Published on: September 3, 2021

Oogenesis: when most is good enough.

R Scott Hawley1

  • 1Stowers Institute for Medical Research, 1000 E. 50th Street, Kansas City, MO 64110, USA. rsh@stowers.org

Current Biology : CB
|April 26, 2011
PubMed
Summary
This summary is machine-generated.

Male meiosis halts with unaligned chromosomes, but oocytes proceed.

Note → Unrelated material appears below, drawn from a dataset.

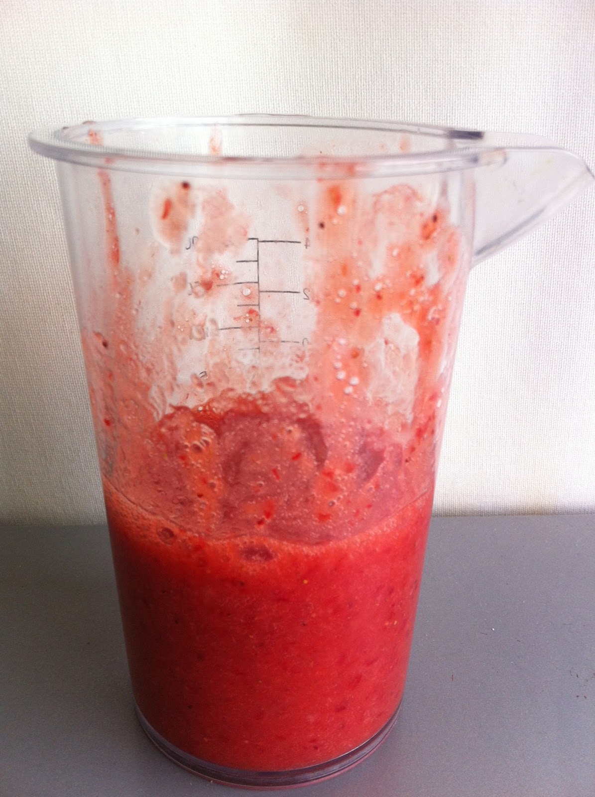 אז הכנתי שייק תות-בננה-תרד. ועוד אחד. ועוד אחד. היה טעים. אבל התותים שלי סרבו להיגמר. לכן הייתי צריכה להכין איתם משהו. לא היתה ברירה. כאמור, אני לא אוכלת דברים עם חתיכות של תותים, אז ידעתי שאני צריכה להכין משהו עם מחית תותים.
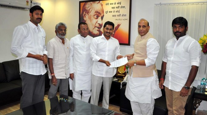 YSR congress party chief Jaganmohan Reddy,along with party MPs to Meeting Union Home Minister Rajnath Singh at his residence in new delhi. (09-11-2014)

This difference highlights the spindle assembly checkpoint's permissive role in female meiosis, not just chromosome orientation.

More Related Videos

Production and Use of Customizable Agarose Molds for Scaffold-Free Mouse Ovarian Follicle Culture
09:50

Production and Use of Customizable Agarose Molds for Scaffold-Free Mouse Ovarian Follicle Culture

Published on: October 24, 2025

Analysis of Chromosome Segregation, Histone Acetylation, and Spindle Morphology in Horse Oocytes
12:11

Analysis of Chromosome Segregation, Histone Acetylation, and Spindle Morphology in Horse Oocytes

Published on: May 11, 2017

Related Experiment Videos

Last Updated: Jun 2, 2026

Whole Ovary Immunofluorescence, Clearing, and Multiphoton Microscopy for Quantitative 3D Analysis of the Developing Ovarian Reserve in Mouse
12:36

Whole Ovary Immunofluorescence, Clearing, and Multiphoton Microscopy for Quantitative 3D Analysis of the Developing Ovarian Reserve in Mouse

Published on: September 3, 2021

Production and Use of Customizable Agarose Molds for Scaffold-Free Mouse Ovarian Follicle Culture
09:50

Production and Use of Customizable Agarose Molds for Scaffold-Free Mouse Ovarian Follicle Culture

Published on: October 24, 2025

Analysis of Chromosome Segregation, Histone Acetylation, and Spindle Morphology in Horse Oocytes
12:11

Analysis of Chromosome Segregation, Histone Acetylation, and Spindle Morphology in Horse Oocytes

Published on: May 11, 2017

Area of Science:

  • Reproductive biology
  • Cellular biology
  • Genetics

Background:

  • Meiosis is a critical cell division process for sexual reproduction.
  • The spindle assembly checkpoint (SAC) ensures proper chromosome alignment before cell division.
  • Differences in meiotic progression exist between male and female gametes.

Purpose of the Study:

  • To investigate why oocytes can complete meiosis despite misaligned chromosomes, unlike male meiosis.
  • To determine the role of the spindle assembly checkpoint (SAC) in this observed difference.
  • To explore whether chromosome orientation on the spindle contributes to oocyte meiotic completion.

Main Methods:

  • Comparative analysis of male and female meiosis.
  • Observation of chromosome behavior and spindle dynamics during meiosis.
  • Assessment of the spindle assembly checkpoint's activity in both sexes.

Main Results:

  • Unaligned chromosomes arrest male meiotic progression.
  • Oocytes with misaligned chromosomes can successfully complete meiosis.
  • The SAC in oocytes is more permissive to chromosome misalignment than in male meiosis.

Conclusions:

  • The permissive nature of the SAC in oocytes is the primary reason for their ability to complete meiosis despite chromosome misalignment.
  • Chromosome orientation on the spindle is a less significant factor in oocyte meiotic completion compared to SAC regulation.
  • This study reveals sex-specific differences in meiotic regulation crucial for successful reproduction.